The fortitude of the Party basically lies in its moral authority, its influence on the masses and the confidence of its people. The action of the Party is based, above all, on the honesty of its motives and the justice of its political line.

The fortitude of the State lies in its material authority, which consists of the strength of the institutions responsible for demanding that everyone comply with the legal regulations it enacts.

The damage caused by the confusion of these two concepts is manifested, firstly, in the deterioration of the Party’s political work and, secondly, in the decline of the authority of the State and the Government as officials have ceased feeling responsible for their decisions.

Compañeras and compañeros, the idea is to forever relieve the Party of activities completely alien to its nature as a political organization; in short, to forego administrative activities and have each entity do what it is meant to do.

We have reached the conclusion that it is advisable to recommend limiting tenure in fundamental political and state positions to a maximum of two five-year terms.

These misconceptions are closely linked to flaws in the Party’s policy with the cadres, which will also be analyzed by the abovementioned National Conference. More than a few bitter lessons are the legacy of the mistakes made in this area due to the lack of rigorous criteria and vision which opened the way to the hasty promotion of inexperienced and immature cadres, based on false pretense and opportunism, attitudes fostered by the erroneous idea that an unspoken requirement to occupy a leading position was to be a member of the Party or the Young Communist League.

We must decidedly abandon such practice, except in the case of responsibilities within political organizations. Membership in a political organization should not be a precondition for holding a leading position with the State or the Government. What the cadres need are adequate training and the willingness to recognize as their own the Party policy and program.

True leaders do not simply crop up in schools or from favoritism; they are forged at the grassroots level, working in the profession they studied in contact with the workers and rising gradually to leadership by setting an example in terms of sacrifice and results.
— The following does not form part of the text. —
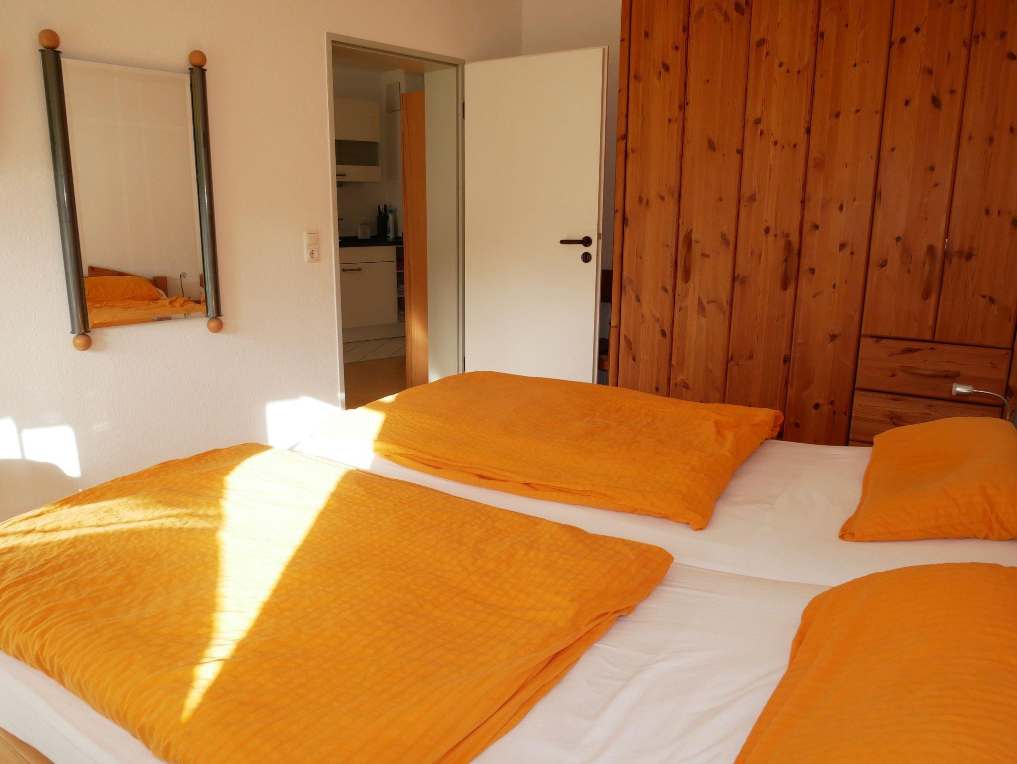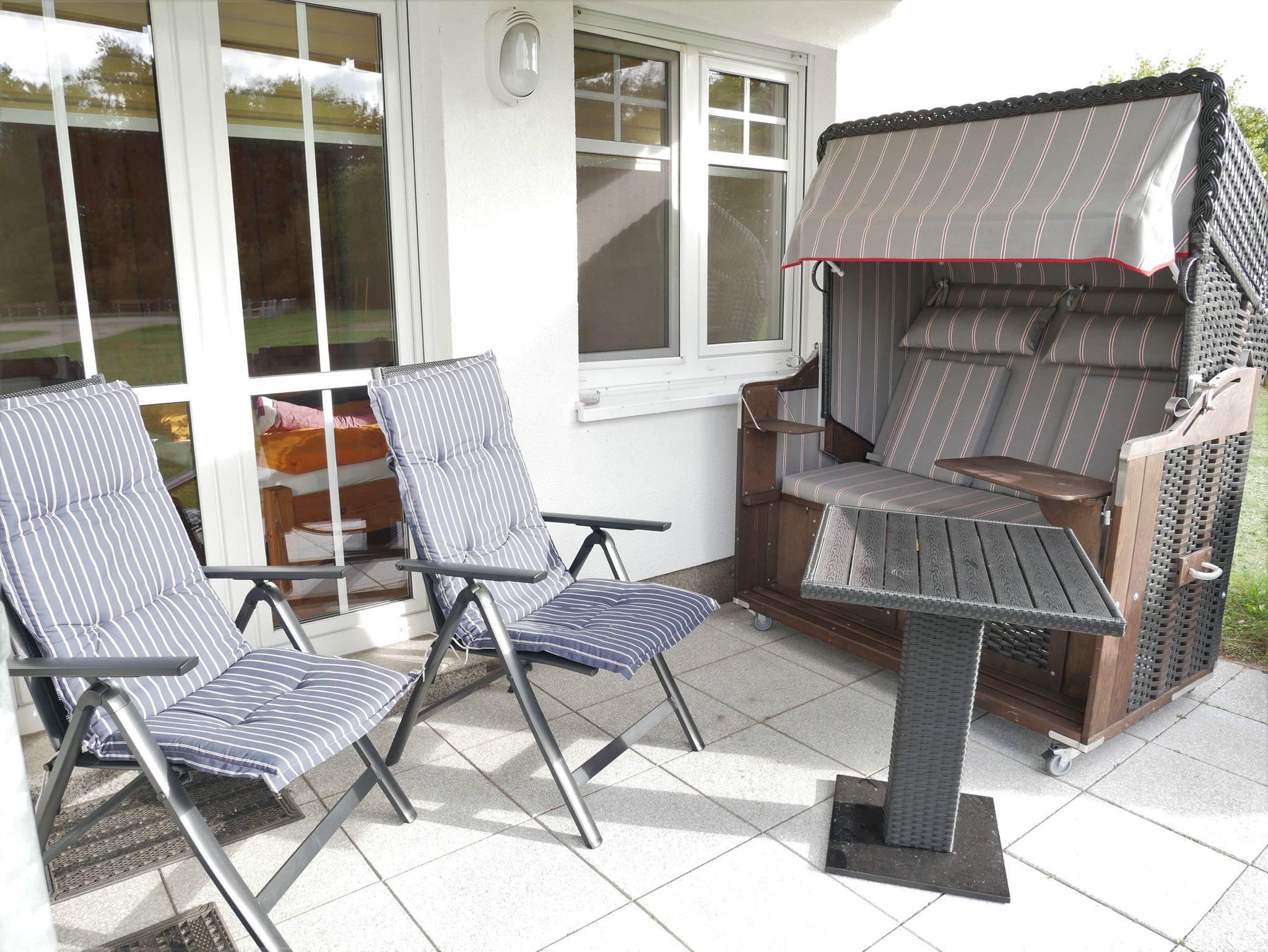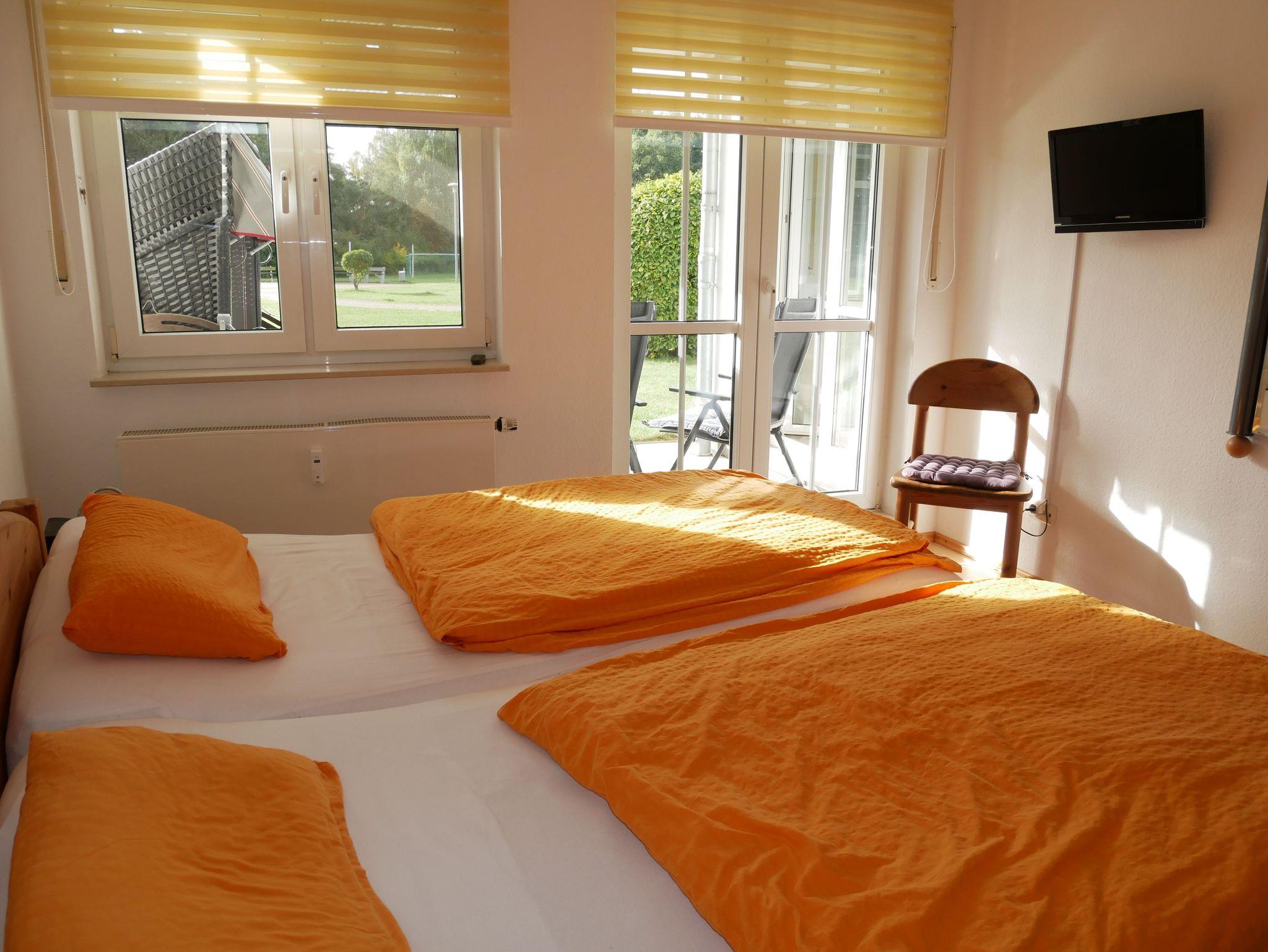 Der großzügige Wohn- Küchenbereich ist mit einer Couch, TV- Flachbild, DVD-Player, Radio, Esstisch und einer voll ausgestatteten Küchenzeile mit Spülmaschine, Induktionsherd, Kühlschrank mit Gefriermöglichkeit, Backofen mit integrierter Mikrowelle, Kaffeemaschine, Wasserkocher und Toaster ausgestattet. Vom Wohnzimmer sowie vom Schlafzimmer aus gelangen Sie auf die möblierte Terrasse zur Südseite. Das Schlafzimmer verfügt über ein Doppelbett und einen Kleiderschrank für Ihre Urlaubsgarderobe. Das Badezimmer ist mit Dusche, WC und Waschtisch ausgestattet.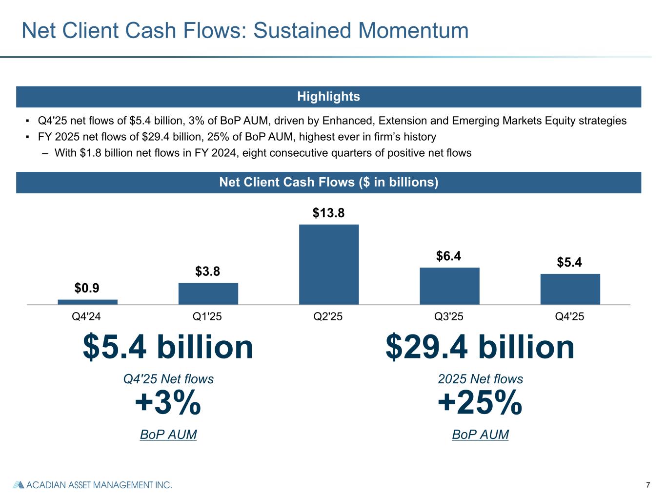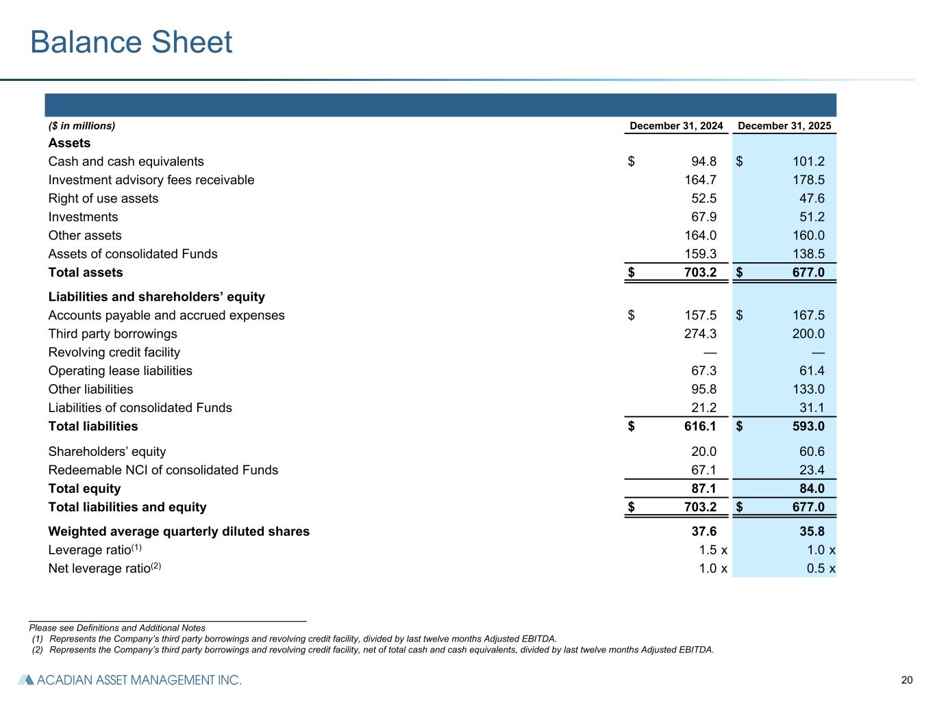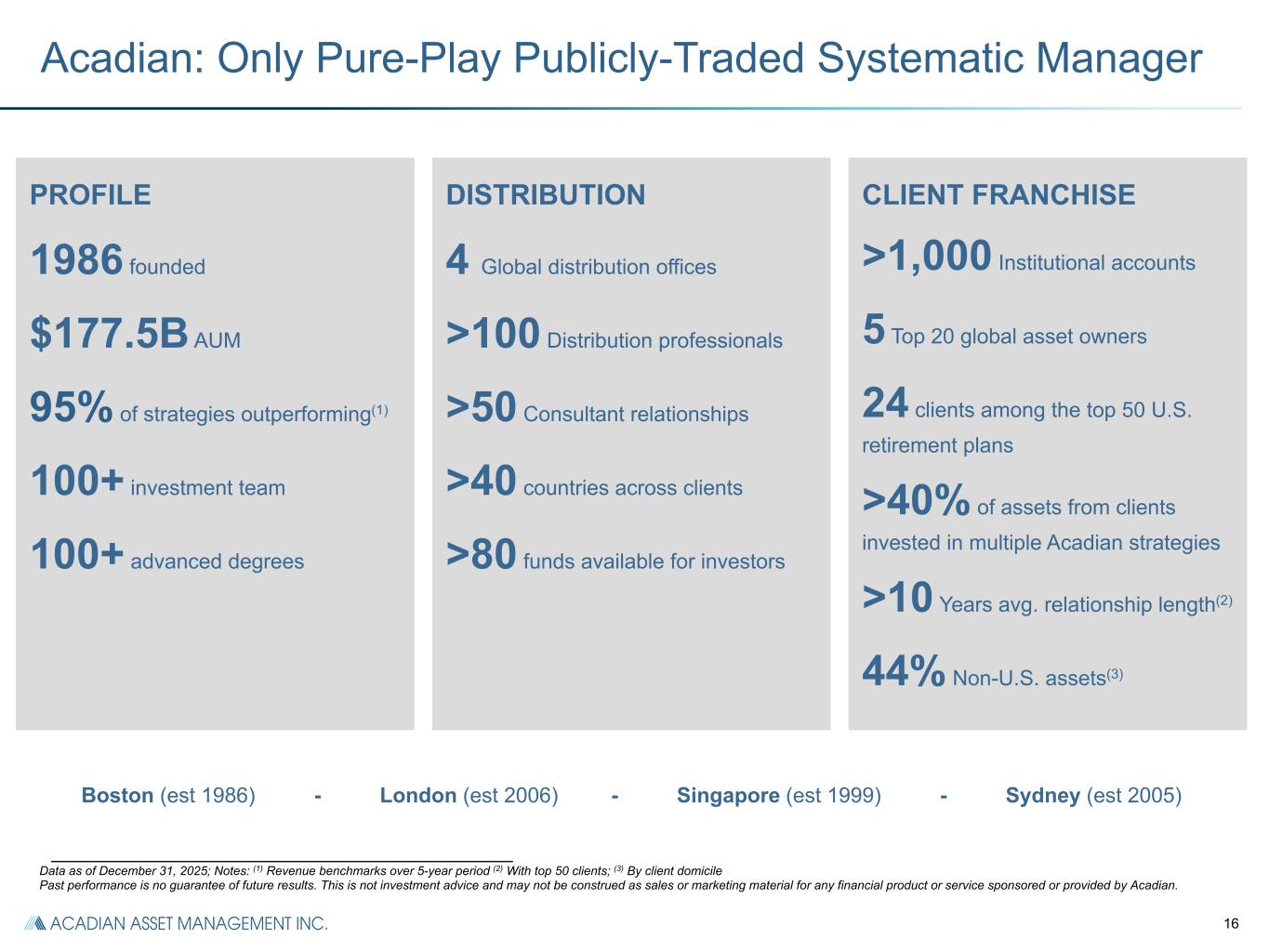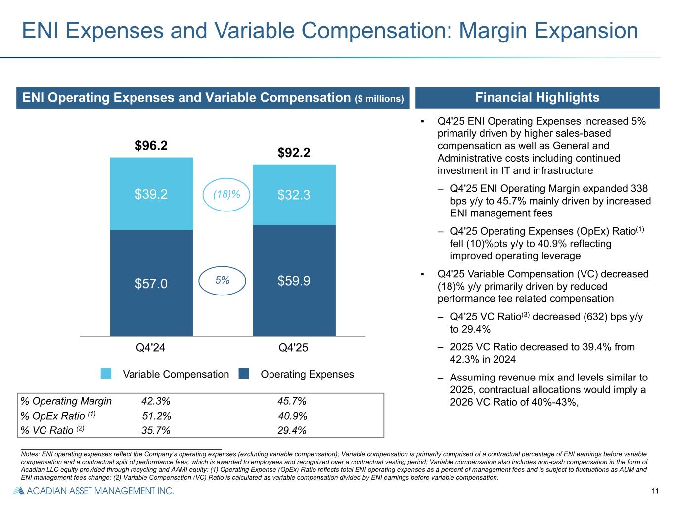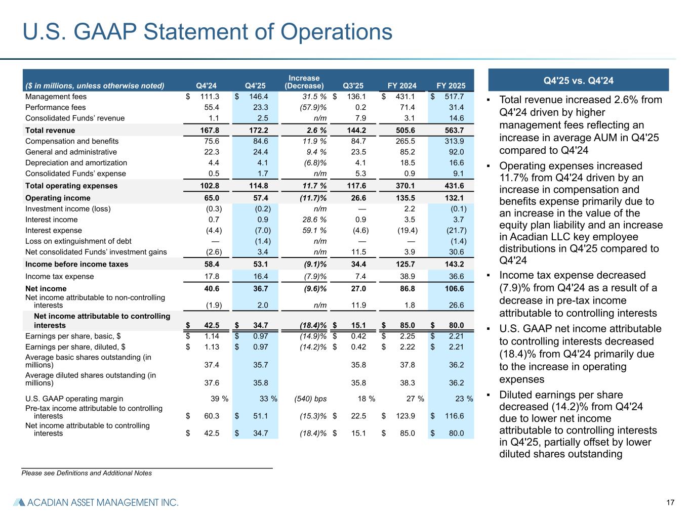 25 Segment Reconciliation ($ in millions) Q4'24 Q4'25 Q3'25 FY 2024 FY 2025 U.S. GAAP Consolidated Revenue $ 167.8 $ 172.2 $ 144.2 $ 505.6 $ 563.7 Exclude revenue from consolidated Funds (a) 1.1 2.5 7.9 3.1 14.6 Quant & Solutions Segment ENI Revenue 166.7 169.7 136.3 502.5 549.1 Quant & Solutions Segment ENI Expenses Fixed compensation and benefits (b) 23.8 23.4 26.4 90.7 96.1 Variable compensation (c) 38.1 30.5 31.1 119.9 121.8 Acadian LLC key employee distributions (d) 2.3 9.1 5.2 9.7 21.4 Depreciation and amortization (e) 4.4 4.1 4.1 18.1 16.6 Other segment items (f) 25.2 29.4 25.3 87.9 101.6 Segment ENI $ 72.9 $ 73.2 $ 44.2 $ 176.2 $ 191.6 Reconciliation of segment ENI to net income attributable to controlling interests: Unallocated Corporate expenses (g) (5.1) (4.8) (4.2) (19.4) (18.3) Adjustments and reconciling items (h) 0.8 1.0 2.9 1.9 6.5 Non-cash compensation expenses for Acadian LLC key employee equity and profit interest revaluations (i) (3.6) (12.0) (16.3) (23.2) (47.7) Investment income (loss) (0.3) (0.2) — 2.2 (0.1) Interest income 0.7 0.9 0.9 3.5 3.7 Interest expense (4.4) (7.0) (4.6) (19.4) (21.7) Loss on extinguishment of debt — (1.4) — — (1.4) Net consolidated funds' investment gains (losses) (2.6) 3.4 11.5 3.9 30.6 Income before Income Taxes $ 58.4 $ 53.1 $ 34.4 $ 125.7 $ 143.2 Income tax expense (17.8) (16.4) (7.4) (38.9) (36.6) Consolidated Net Income $ 40.6 $ 36.7 $ 27.0 $ 86.8 $ 106.6 Net income attributable to non-controlling interests in consolidated Funds 1.9 (2.0) (11.9) (1.8) (26.6) Net income attributable to controlling interests $ 42.5 $ 34.7 $ 15.1 $ 85.0 $ 80.0 (a) Adjusted to exclude consolidated Funds revenues which are included in U.S. GAAP revenue. (b) Fixed compensation and benefits includes base salaries, payroll taxes and the cost of benefit programs provided. (c) Variable compensation is contractually set and calculated individually for Acadian LLC bonuses, adjusted for non-cash Acadian LLC key employee equity revaluations and severance relating to restructuring costs. (d) Acadian LLC key employee distributions includes the share of Acadian LLC profits after variable compensation that is attributable to the Acadian LLC key employee equity and profits interests holders, according to their ownership interests. (e) Depreciation and amortization includes US GAAP depreciation and amortization. (f) Other segment items includes segment systems, portfolio administration costs, sales commissions and other general & administrative expenses. (g) Unallocated corporate expenses include compensation and benefits of $2.8 million and general and administrative expenses of $2.3 million related to Hold Co which are reflected in U.S. GAAP net income attributable to controlling interests for Q4'24. Unallocated corporate expenses include compensation and benefits of $3.2 million and general and administrative expenses of $1.6 million related to Hold Co which are included in U.S. GAAP net income attributable to controlling interests for Q4'25. Unallocated corporate expenses include compensation and benefits of $2.7 million and general and administrative expenses of $1.5 million related to Hold Co which are included in U.S. GAAP net income attributable to controlling interests for Q3'25. Unallocated corporate expenses include compensation and benefits of $10.0 million and general and administrative expenses of $9.4 million related to Hold Co which are included in U.S. GAAP net income attributable to controlling interests for FY 2024. Unallocated corporate expenses include compensation and benefits of $10.9 million and general and administrative expenses of $7.4 million related to Hold Co which are included in U.S. GAAP net income attributable to controlling interests for FY 2025. (h) Adjustments and reconciling items includes consolidated Funds revenue and expense and restructuring costs. (i) Non-cash Acadian LLC key employee equity revaluations represent changes in the value of Acadian LLC equity and profit interests held by Acadian LLC key employees, which are included within U.S. GAAP compensation and benefits expense.

In this regard, I think that the Party leadership, at all levels, should be self-critical and adopt the necessary measures to prevent the reemergence of such tendencies. This is also applicable to the lack of systematic work and political will to secure the promotion of women, Blacks and people of mixed race, and youth to decision-making positions on the basis of their merits and personal qualifications.

It’s really shameful that we have not solved this problem in more than half a century. This shall weigh heavily on our consciences for many years because we have simply been inconsistent with the countless directives given by Fidel from the early days of the revolutionary victory and over the years, and also because the solution to this disparity was contained in the resolutions adopted by the transcendental First Party Congress and the four congresses that followed. Still, we have failed to ensure its realization.

The solution to such issues that define the future will never again be left to spontaneity but rather to foresight and to the unwavering political intention of preserving and perfecting socialism in Cuba.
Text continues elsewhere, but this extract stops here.